I was looking at intellect and then I realized I already hold accelya at the same mcap and that’s a vastly superior business that’s quite undervalued simply because they have had 18 months of stagnant growth.

since you are from IT industry, can you find out about the general outlook for aviation vertical and about accelya’s solutions - for the same mcap, you are getting a business that generates 4 % dividend yield, has ROE of 8 0 % + and pays out 85% back as dividend.

I believe that the following two aspects will inhibit a continuous and significant growth of Accelya Kale in the long term .

  1. Nature of industry segment - civil aviation is known for a not so good performance even you look at it world over for past 50 - 60 years not withstanding that the scale of operations have grown enormously .
  2. The size of market for ticketing and related services in civil aviation is limited .
    As against this , Banking Software Products offers a relatively bigger market in an expanding and profitable industry .Due to this I forsee a great future for IDA.
    Request Mt Rishi Kale to react .I know thaboth the companies are under his radar .
    Note . I have no investment in Accelya Kale .I have significant investment in IDA .

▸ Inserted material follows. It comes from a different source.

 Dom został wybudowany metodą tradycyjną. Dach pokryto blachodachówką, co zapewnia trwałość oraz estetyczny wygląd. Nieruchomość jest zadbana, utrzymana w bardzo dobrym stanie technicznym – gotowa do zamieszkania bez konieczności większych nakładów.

There is some new item in today’s ET print that Mr. Jain is planning to sell his stake in Polaris consulting business, the services side, as he is planning to focus more on the product business.

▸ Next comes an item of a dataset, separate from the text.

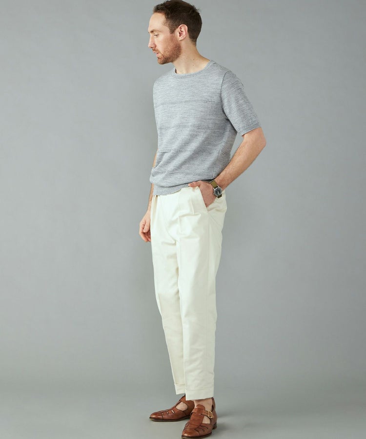 防縮ウールの抗菌・防臭機能と夏の定番となるラミー(リネンの一種)の糸を使用。汗ばんでも肌に密着せずに汗を素早く吸収し放出するため気化熱を奪い涼感があります。シャリっとした肌触りで春夏の季節におすすめ。ジャケットにも合わせ易いキレイめで上品なTシャツです。

Agree on the aviation market but then competition in BFSI is much higher. Tough to say - I could argue for the tail winds in civil aviation now - lots of traffic, low crude oil prices and cross border trade is highest.

I would consider that the intention of Me Jain to plan for sale of his stake in Polaris- if found to be true- is a big positive for IDA . Such sale of his stake would reflect the confidence of the promotor in the potential success of the product business of IDA .

Coupled with the stake sale of Polaris , Mr Jain is reported to have added further shares of IDA to his existing holding of ~37% .His recent statement is more specific about the growth prospects of IDA ,30% for next one year or so .

Well the big shark Rakesh jhunjhunwala has doubled his stake here. That explains the run up of almost 70 percent in a fortnight.

Using the discounting method I presently value IDA at 209. This is using a 24 percent growth rate for the first three years.

@hrishikesh

RJ was holding 3.74% stake ( if i am not wrong ), so you mean to say he has doubled to ~7%.